Sébastien Izambard (; born 7 March 1973) is a French singer, composer and record producer. His vocal range is classified as popular melody or vox populi to a loud, so it has a tenor tessitura phonic.

He has been a member of the classical crossover group Il Divo since 2004, which has sold over 28 million copies worldwide discs.
In 2000, he launched the solo album titled Libre, reaching number No. 1 ranking with the single "Si tu savais" achieving excellent sales ranking in France, Canada and Belgium. Currently, Izambard writes, produces and composes for pop artists of international stature.

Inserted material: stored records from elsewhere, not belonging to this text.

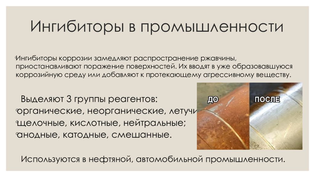 Слайд 4: Ингибиторы в промышленности
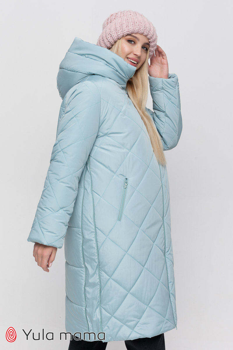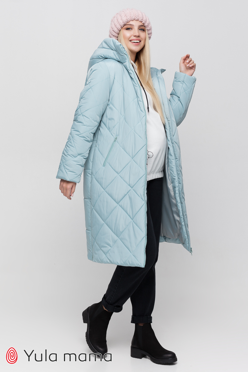 Зимнее теплое пальто для беременных из плащевки с боковыми расширителями.
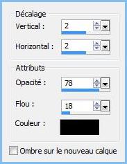 9 - Activer le calque 1 ** Effets/Effets 3D/Ombre Portée : 2/2/78/18/couleur #000000
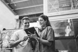 Woman using stylus to interact with tablet while man engages in discussion, capturing real-time collaboration, digital strategy, and tech-powered brainstorming in relaxed setting.
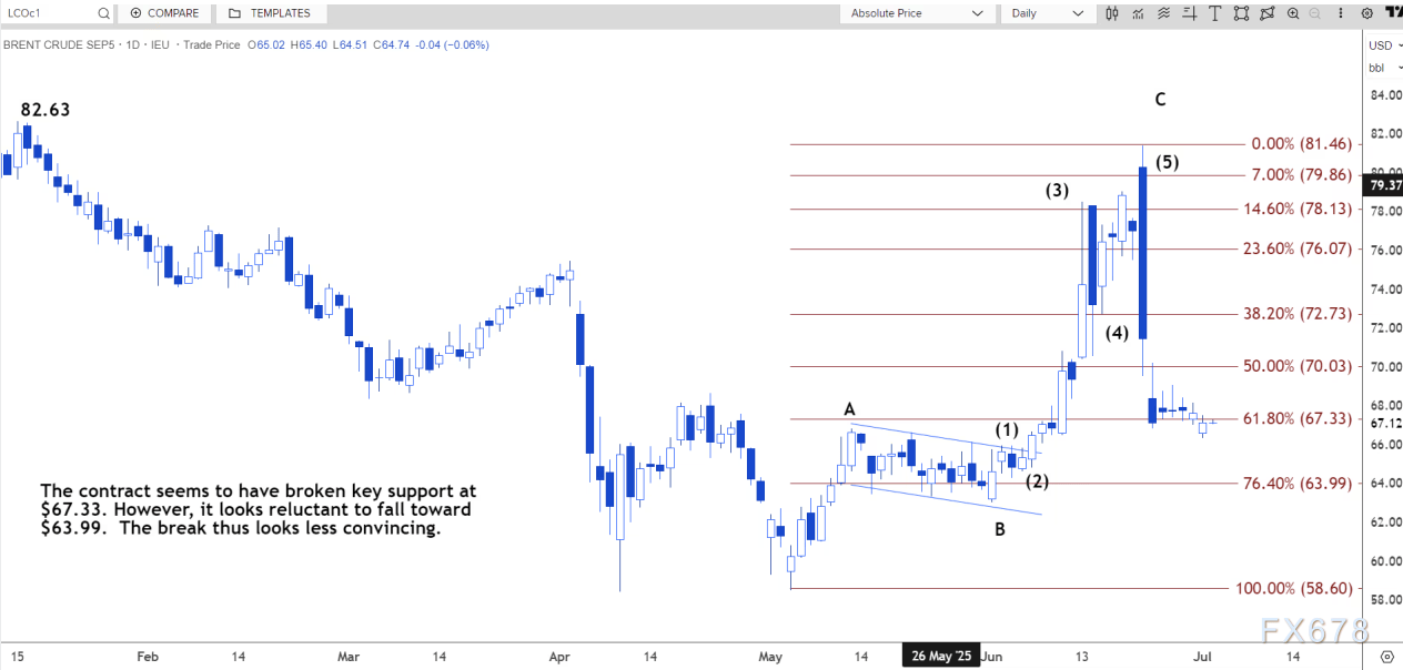 日线图上,该合约似乎已突破67.33美元的关键支撑位。然而,该合约似乎不愿跌向63.99美元。
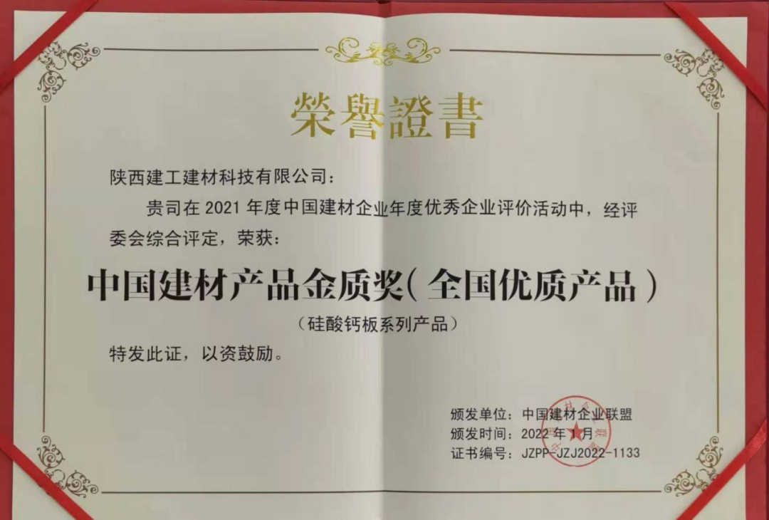 近日,陜建建材科技公司在2021年度中國建材企業(yè)年度優(yōu)秀企業(yè)評價活動中,硅酸鈣板系列產(chǎn)品榮獲中國建材產(chǎn)品金質獎(全國優(yōu)質產(chǎn)品),這是繼建材科技獲得“2021年度中國建材企業(yè)500強”和“2021年中國硅酸鈣/纖維水泥板企業(yè)10強”后的又一殊榮,是對公司在綠色新型裝飾裝修板材領域取得成績的充分肯定。
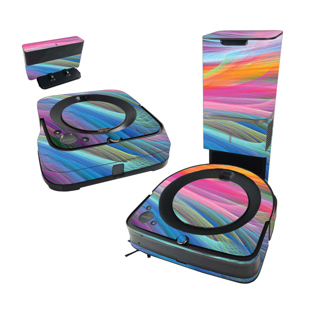 MightySkins IRROS9PLBUN-Rainbow Waves Skin for iRobot Roomba s9 Plus Vacuum & Braava Jet m6 Bundle - Rainbow Waves
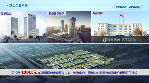 在这里面我们也把龙头企业进行了一个标注,像复星医药在我这里投资100亿,要建设全球的研发中心、制造中心、营销中心和教育医疗中心。这样一个龙头企业都在这里了,可能跟复星关联的或者说以复星为参照标的的这些企业,也会增强对地域发展的信心。
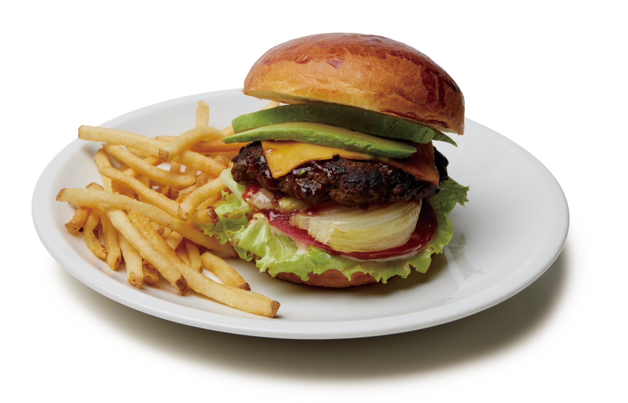 アメリカのダイナーで出てくるような一皿は、丸の内店でたびたび登場しては、人気を集めてきたメニュー。すべてご注文いただいてから仕上げます。ふわふわとしたブリオッシュ生地のバンズに、アボカド、チェダーチーズ、牛100%のパテ、オーブンで焼いた玉ネギ、トマト、レタスをサンド。スモーキーなBBQソースで仕上げています。カリカリに揚げたポテトも一緒にどうぞ。
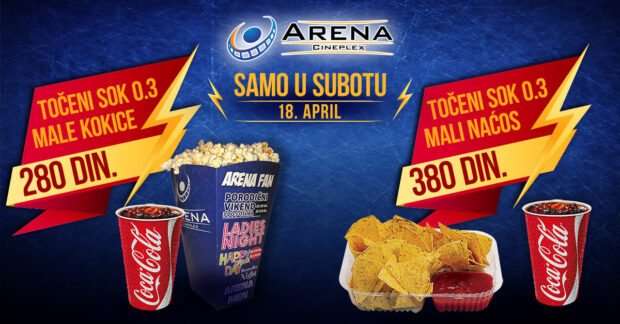 Биоскоп Аrena Cineplex припремио је и посебне меније за све посетиоце Супер суботе са сниженим ценама: мале кокице и точени сок 0.3 од 280 динара, док су мали наћоси и точени сок 0.3 380 динара.
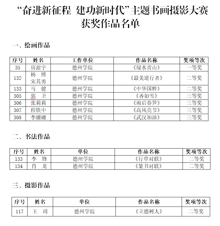 近日,山东省教育厅公布了“奋进新征程 建功新时代”主题书画摄影大赛获奖结果,美术学院教师房甜宇的作品《绿水青山》获绘画类一等奖,杨博、宋其勇、马健老师作品获绘画类二等奖,李锋、肖龙获书法类二等奖,郭卫、张莉莉、程铁中、李姗姗老师作品获绘画类三等奖。获奖数量与层次在同类院校中名列前茅。
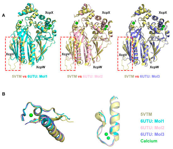 To better demonstrate the precise differences between the crystal structures in the two lattices, the complex structure of the orthorhombic lattice was superimposed pairwise with the three individual complex structures in the hexagonal lattice (Figure 4, Figure S2, and Table 2). The overall structures aligned well. The major missing residues in all three structures of the P3 hexagonal lattice were found in the XcpV molecules (Figure 4A, Figure S2a, and Table 2). They mainly lacked two connecting loops, namely: (1) 59–66, between the N-terminal α-helix and the β-sheet, and (2) 103–113, between the two β-strands. The β-sheet domains were not well established because of residue missing, especially in XcpV of Mol2. The XcpW structures were all intact in the four structures (Figure S2b and Table 2). Some loop regions in XcpX were also missing in the structures of 6UTU (Figure S2c and Table 2). However, the loop regions that formed the calcium binding sites in XcpX were well maintained (Figure 4B).

Izambard is an active member of the French organization AMTM (Assistance Médicale Toit du Monde) and global ambassador for the Sanfilippo Children's Foundation.

Early life
Izambard's childhood was hard; his parents were divorced and his father left when he was six. He grew up in a poor single parent household and lived with his mother in a room little bigger than 100sqft on the top floor of a block of apartments in Parisian Dense with her great-grandmother. He studied at the Lycée Janson de Sailly in Paris, considered one of the best schools in Europe.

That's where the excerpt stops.